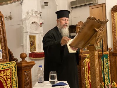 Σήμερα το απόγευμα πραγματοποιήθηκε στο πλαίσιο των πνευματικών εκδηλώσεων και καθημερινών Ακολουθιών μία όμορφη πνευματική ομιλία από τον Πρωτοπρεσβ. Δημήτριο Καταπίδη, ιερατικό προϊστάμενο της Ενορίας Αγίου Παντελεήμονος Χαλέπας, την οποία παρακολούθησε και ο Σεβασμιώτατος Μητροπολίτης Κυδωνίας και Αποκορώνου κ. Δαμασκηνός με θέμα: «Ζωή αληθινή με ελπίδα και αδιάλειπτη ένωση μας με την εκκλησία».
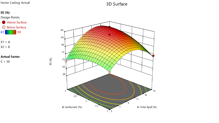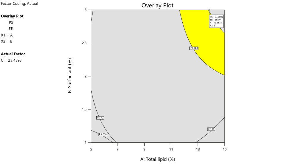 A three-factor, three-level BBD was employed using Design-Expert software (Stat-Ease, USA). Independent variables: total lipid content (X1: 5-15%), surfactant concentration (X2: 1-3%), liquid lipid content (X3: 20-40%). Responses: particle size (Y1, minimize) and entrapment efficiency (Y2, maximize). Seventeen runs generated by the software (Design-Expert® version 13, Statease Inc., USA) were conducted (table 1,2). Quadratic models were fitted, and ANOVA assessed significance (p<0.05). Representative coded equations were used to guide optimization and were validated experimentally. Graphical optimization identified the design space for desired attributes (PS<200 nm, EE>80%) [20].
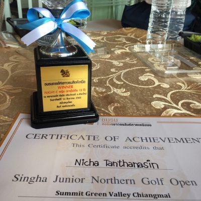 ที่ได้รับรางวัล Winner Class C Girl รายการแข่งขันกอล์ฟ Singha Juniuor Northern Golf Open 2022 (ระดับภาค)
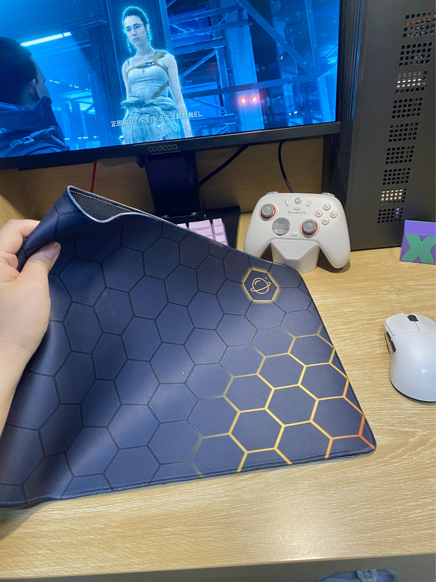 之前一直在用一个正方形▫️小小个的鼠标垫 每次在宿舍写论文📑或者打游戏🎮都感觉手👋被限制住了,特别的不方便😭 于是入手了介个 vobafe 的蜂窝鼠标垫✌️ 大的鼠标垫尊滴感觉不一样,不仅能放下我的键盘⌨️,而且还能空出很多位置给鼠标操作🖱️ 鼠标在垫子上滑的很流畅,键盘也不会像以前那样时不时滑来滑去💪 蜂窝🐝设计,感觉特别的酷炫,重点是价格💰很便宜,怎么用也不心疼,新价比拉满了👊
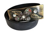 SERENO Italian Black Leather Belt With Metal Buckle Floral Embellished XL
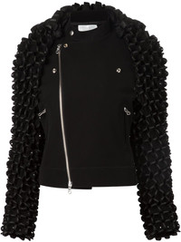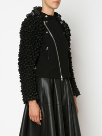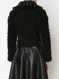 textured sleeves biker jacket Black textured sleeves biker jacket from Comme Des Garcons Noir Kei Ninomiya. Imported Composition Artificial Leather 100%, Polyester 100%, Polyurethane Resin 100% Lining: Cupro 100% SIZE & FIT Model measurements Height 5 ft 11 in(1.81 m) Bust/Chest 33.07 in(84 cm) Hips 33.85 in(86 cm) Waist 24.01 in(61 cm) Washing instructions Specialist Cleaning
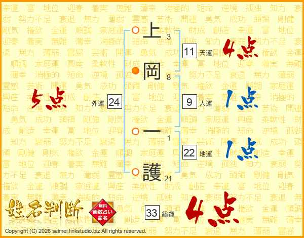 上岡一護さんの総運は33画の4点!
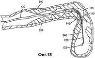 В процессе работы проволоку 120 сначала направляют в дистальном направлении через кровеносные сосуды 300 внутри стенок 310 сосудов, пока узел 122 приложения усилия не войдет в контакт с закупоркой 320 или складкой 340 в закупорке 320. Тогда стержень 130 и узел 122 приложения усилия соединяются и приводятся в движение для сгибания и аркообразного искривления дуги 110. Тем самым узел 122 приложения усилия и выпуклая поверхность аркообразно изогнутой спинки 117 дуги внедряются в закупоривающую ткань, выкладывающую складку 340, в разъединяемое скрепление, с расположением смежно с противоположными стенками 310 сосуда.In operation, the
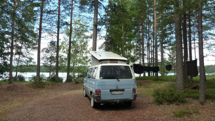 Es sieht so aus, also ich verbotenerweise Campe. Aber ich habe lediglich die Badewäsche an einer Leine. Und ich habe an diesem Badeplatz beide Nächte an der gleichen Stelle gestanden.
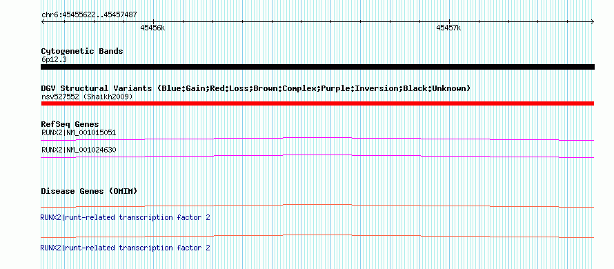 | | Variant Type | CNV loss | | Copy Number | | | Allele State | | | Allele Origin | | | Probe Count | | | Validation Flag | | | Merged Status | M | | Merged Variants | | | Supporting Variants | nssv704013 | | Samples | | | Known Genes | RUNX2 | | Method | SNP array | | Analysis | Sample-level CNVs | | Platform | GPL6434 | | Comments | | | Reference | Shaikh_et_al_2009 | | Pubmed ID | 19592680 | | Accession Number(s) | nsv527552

_Assignment:_ In the entries above, find the line that contains "textured sleeves biker jacket Black" and the line that contains "上岡一護さんの総運は33画の4点!". Reproduce exactly those two lines and every line between them, but not the pictures.

_Expected answer:_
 textured sleeves biker jacket Black textured sleeves biker jacket from Comme Des Garcons Noir Kei Ninomiya. Imported Composition Artificial Leather 100%, Polyester 100%, Polyurethane Resin 100% Lining: Cupro 100% SIZE & FIT Model measurements Height 5 ft 11 in(1.81 m) Bust/Chest 33.07 in(84 cm) Hips 33.85 in(86 cm) Waist 24.01 in(61 cm) Washing instructions Specialist Cleaning
 上岡一護さんの総運は33画の4点!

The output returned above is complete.